Ideally, all interconnects should look like uniform transmission lines (or waveguiding structures) with the specified characteristic impedance. In reality, an interconnect link is typically composed of transmission lines of different types (micro-strip, strip, coplanar, coaxial, etc.) and transitions between them, such as vias, connectors, breakouts and so on. Transmission lines may be coupled to each other, causing crosstalk. The transitions may reflect and radiate energy due to discontinuities in signal and reference conductors. The crosstalk, reflections and radiation cause unwanted and sometime unpredictable signal degradation.
If analysis of traces or viahole transitions is possible in isolation from the rest of the board up to a target frequency, the structure is called localized (see more at app notes #2009_05 and #2013_05 at http://www.simberian.com/AppNotes.php). This means all the important contributions to the signal and return currents, and their associated power flows are confined to the region of the geometry included in the analysis. If a fraction of the return currents or signal power flows out of the geometry analyzed, the problem is not localized, and the simulated results are not accurate.

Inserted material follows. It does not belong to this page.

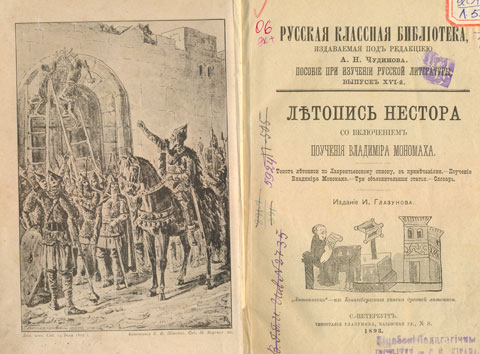 Летопись Нестора со включенiем "Поученiя Владимира Мономаха". - С.-Петербург: Изданiе И. Глазунова , 1893. - III, 190 с. , [1] вкл. л. ил. - (Русская классная библiотека, / издаваемая под редакцiею А.Н. Чудинова. Пособiе при изученiи русской литературы ; вып. XVI-й). - Содерж.: Текст летописи по Лаврентьевскому списку, с примечанiями ; Поученiе Владимiра Мономаха ; Три объяснительныя статьи ; Словарь. - На тит. л. ил. "Летописец" - из Кенигсбергскаго списка древней летописи.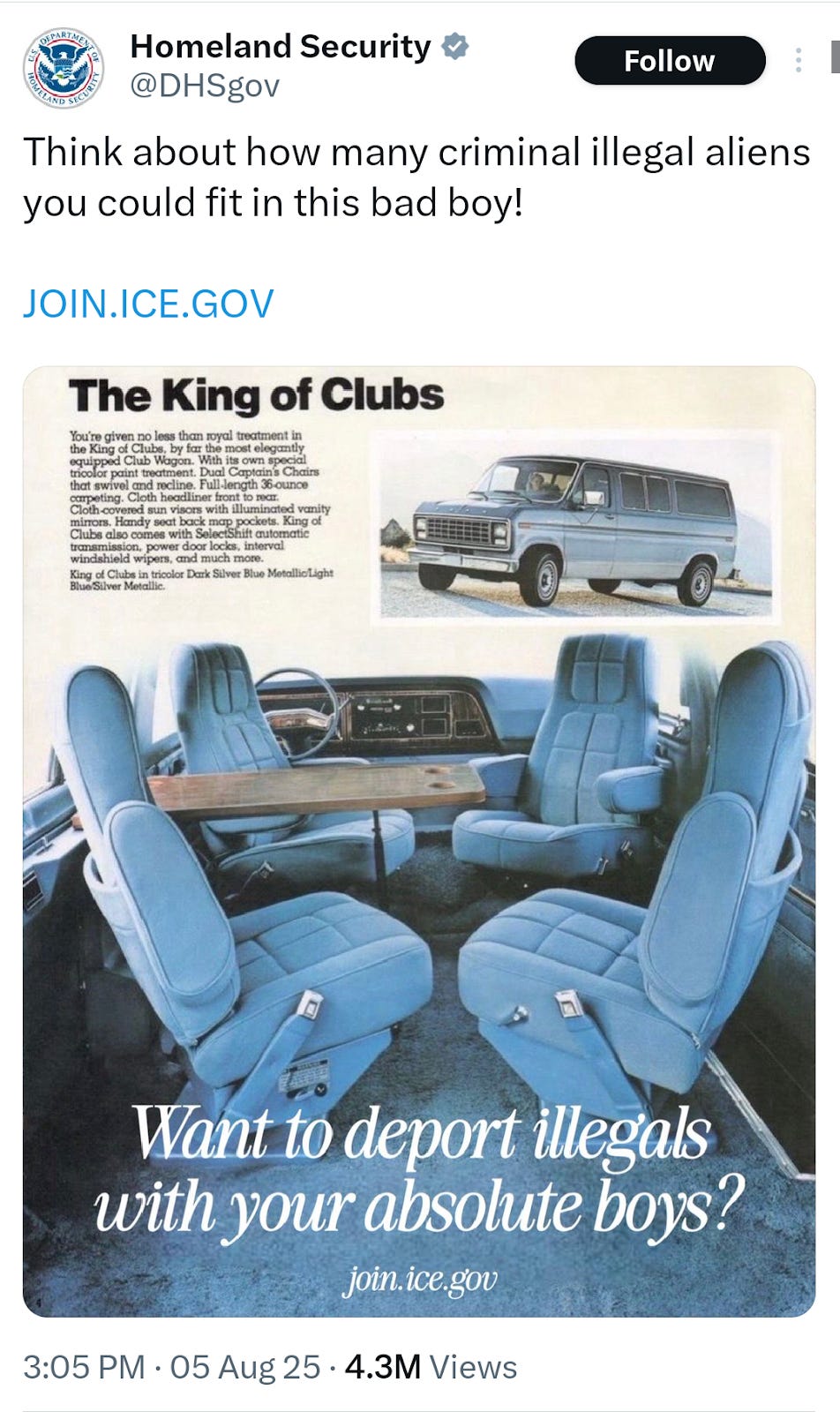 At a time when federal authorities are routinely rounding up migrants into unmarked vans, DHS sought to recruit ICE agents with a 1980s A-Team aesthetic. One post featured a tweaked advertisement for a Ford conversion van with four captain chairs. It solicited would-be agents with promises of a bigoted brotherhood: “Want to deport illegals with your absolute boys?” DHS added the caption: “Think about how many criminal illegal aliens could fit in this bad boy!”

Structures with behavior dependent on other structures and on-board geometry are called not localized, and they should generally not be used in multi-gigabit interconnects. Examples of non-localized structures are coupled traces, strip lines with reference planes not connected to each other, traces crossing gaps in reference planes, and vias with far, no or an insufficient number of stitching vias (vias connecting reference planes of the connected traces). Analysis of non-localized structures is usually possible only at the post-layout stage with substantial model simplifications that degrade accuracy at higher frequencies.
To design predictable interconnects, only localized structures must be used– this is one of the most important elements for design success. The localization is always bandwidth limited for strip lines (two reference conductors) and for vias (two or more reference conductors).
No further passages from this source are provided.